_ACTIVITY_: Give exactly the lines from the one that contains "गौस USA के टॅाप" through the end of the entries below, both included; the pictures stay out.
#### RECORD SET
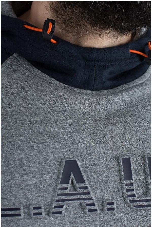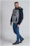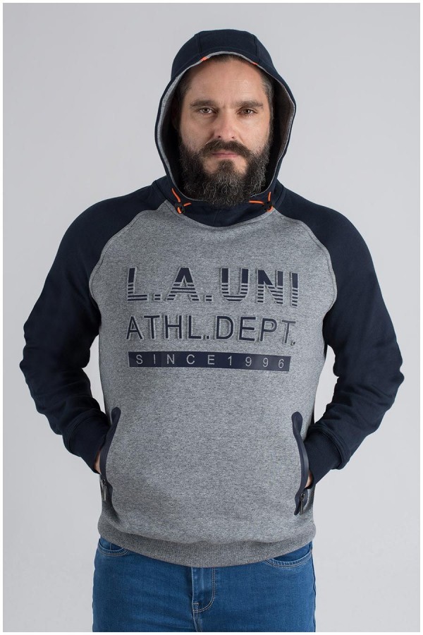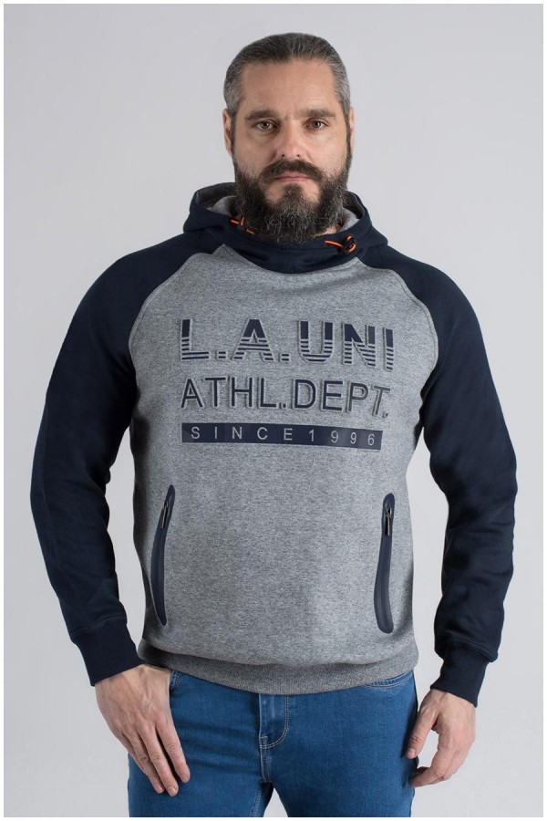 Tweekleurige katoenen sweater met capuchon van het merk Kitaro, met mouwen en capuchon in contrastkleur. De grote maten hoodie heeft een grote opgelegde letterprint op de borst en zakken op de buik die met een blinde rits dicht kunnen. De capuchon is voorzien van een elastiek trekkoord in fluorescerende kleur. De koordstoppers aan beide uiteinden maken het gemakkelijk de capuchon aan te trekken en vast te zetten.
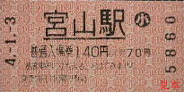 JR化後の券。相模線各駅にも券売機が進出し、長らく無人駅だった「宮山」でも入場券が再び買えるようになった。
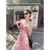Kumikumi Holiday Style Blooming Pink Sling Dress Women Summer Slim Fit Age-Reducing Chic Floral Long Skirt
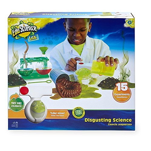 Studio : Toys R Us Publisher : Toys R Us Binding : Toy Product Description 15 Experiments!! Set uses common elements found in the kitchen. Includes: motorized toilet mixer, toxic waster can beaker, trash can mixer with lid, 3 gross molds, 3pc test tube stand, 2 bubbles test tubes, worm shaped stirrer, bubble wand, and funnel. Ages 8 years. Make "Snot Slime", "Yucky Worms", "Stink Bubbles", "Foaming Flush", "Electric Sludge"!!!! 0
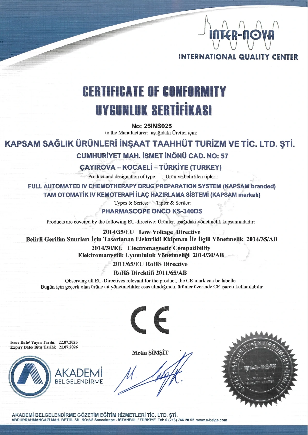 Sınıf2 Tıbbi Cihazlarımızın CE Belgesi
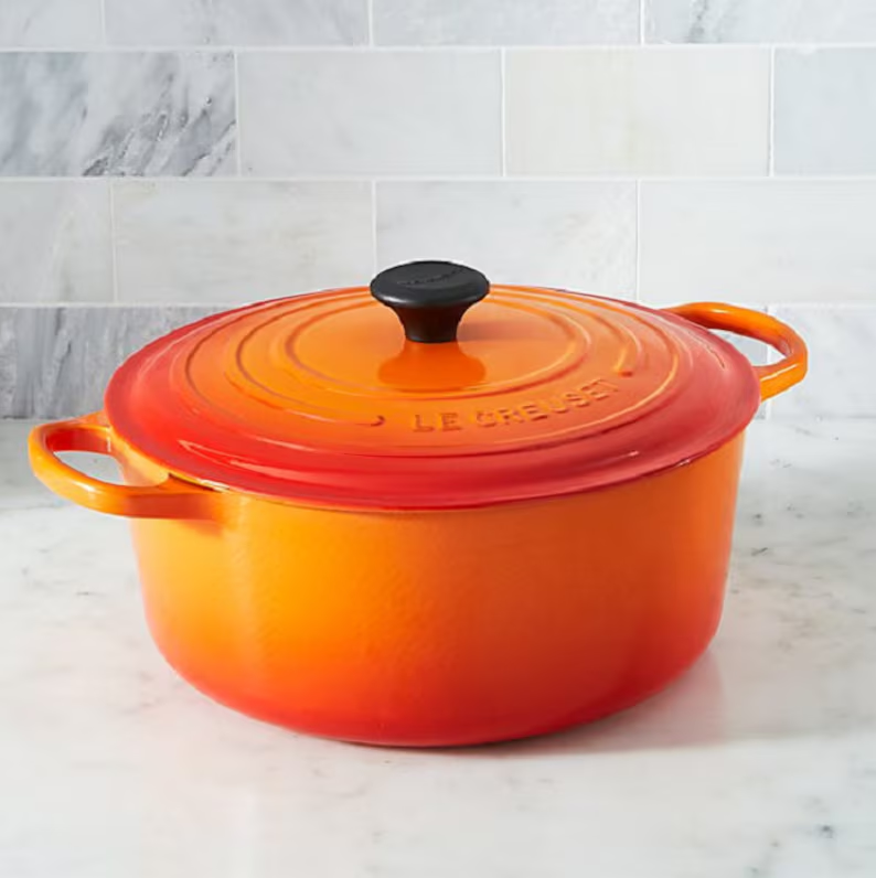Introducing the stunning LE CREUSET CAST IRON DUTCH OVEN in a vibrant Flame Orange color!
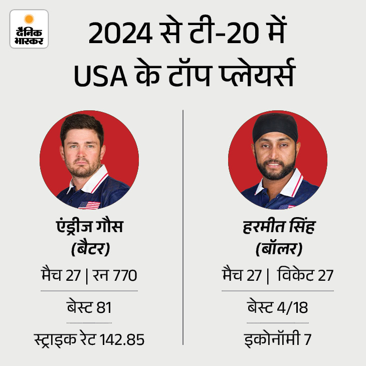 गौस USA के टॅाप रन स्कोरर 2024 के बाद से एंड्रीज गौस ने USA के लिए सबसे ज्यादा रन बनाए हैं। वे 27 मुकाबलों में 770 रन बना चुके हैं। तेज गेंदबाज हरमीत सिंह 27 विकेट लेकर टीम के टॅाप बॅालर बने हुए हैं।
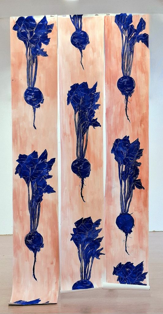 Tableau vivant 3 (A big turpin grew), 2025, tempera, pigments at Erfurt wallpaper
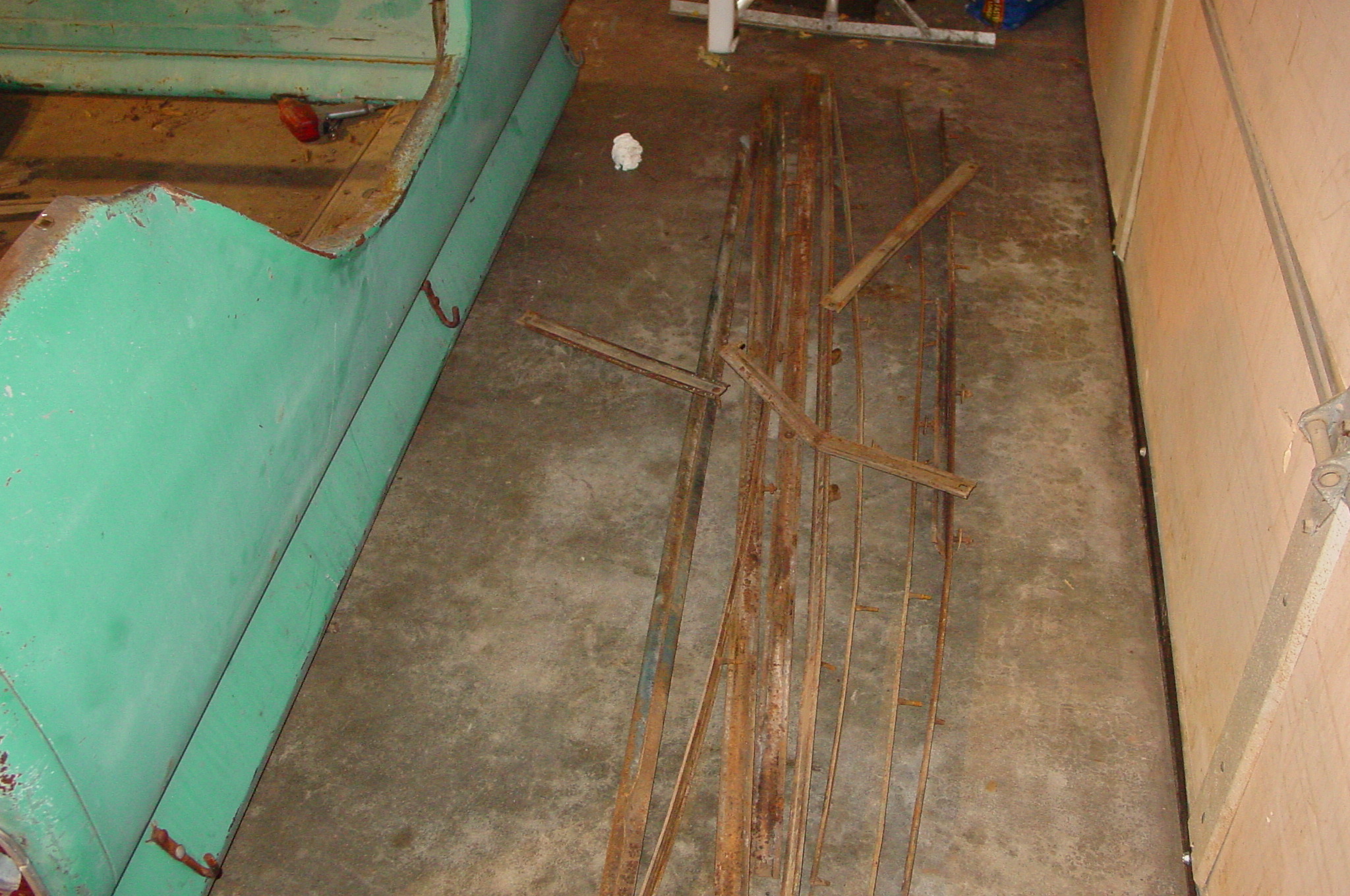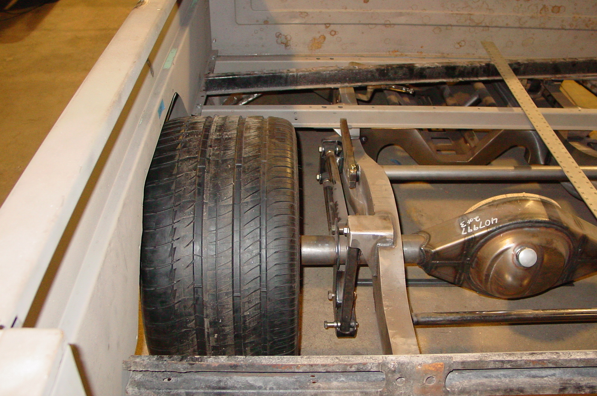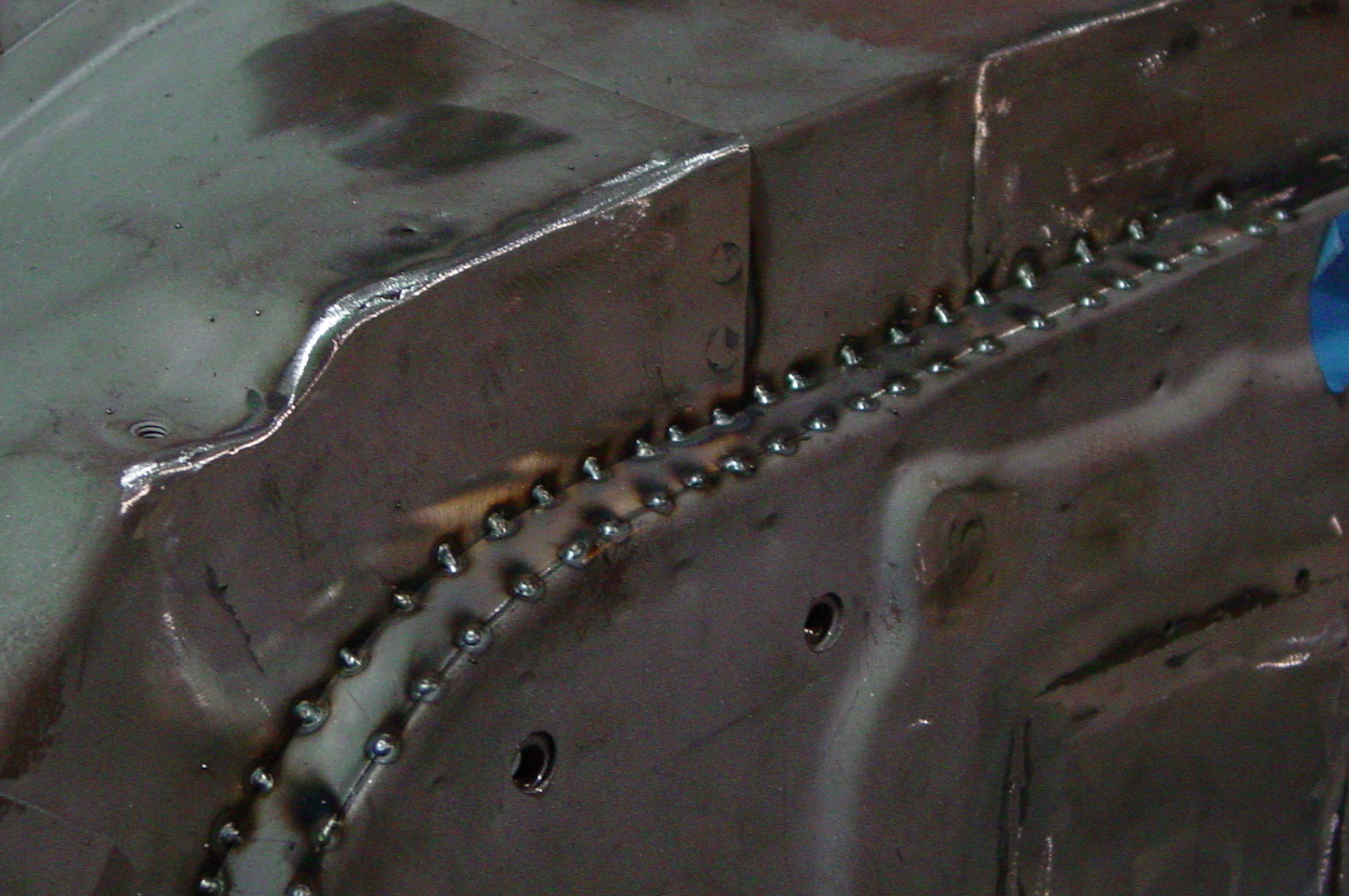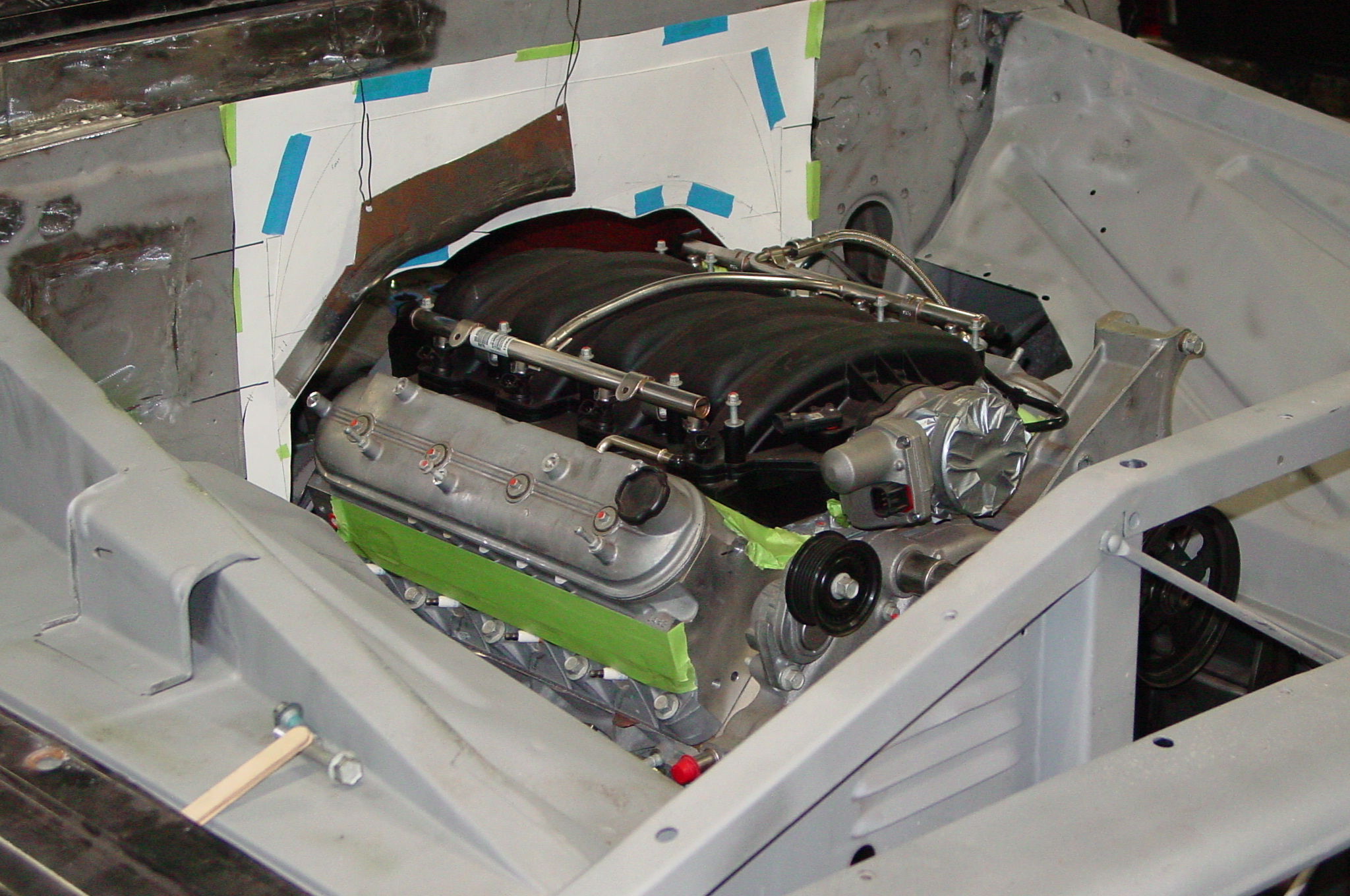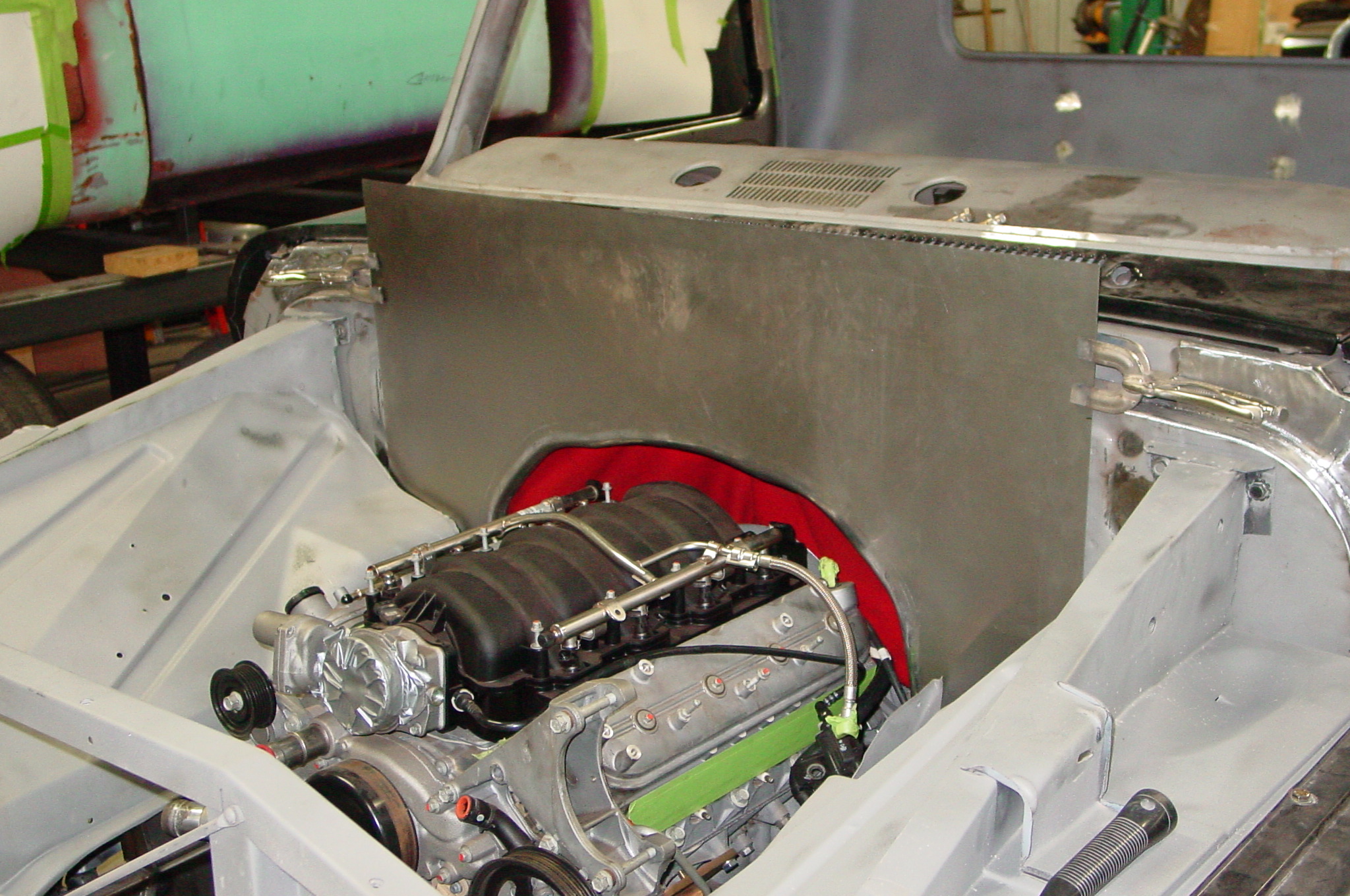After blasting the old paint off we found a lot of filler over the rust holes. We removed the old rusted metal and replaced them with new steel. Now that the body is solid, the modifications have begun. -- Firewall, inner fenders, front fenders, front bumper, rear bumper, tailgate, and rear wheel opening.
########
_RESULT_:
 गौस USA के टॅाप रन स्कोरर 2024 के बाद से एंड्रीज गौस ने USA के लिए सबसे ज्यादा रन बनाए हैं। वे 27 मुकाबलों में 770 रन बना चुके हैं। तेज गेंदबाज हरमीत सिंह 27 विकेट लेकर टीम के टॅाप बॅालर बने हुए हैं।
 Tableau vivant 3 (A big turpin grew), 2025, tempera, pigments at Erfurt wallpaper
After blasting the old paint off we found a lot of filler over the rust holes. We removed the old rusted metal and replaced them with new steel. Now that the body is solid, the modifications have begun. -- Firewall, inner fenders, front fenders, front bumper, rear bumper, tailgate, and rear wheel opening.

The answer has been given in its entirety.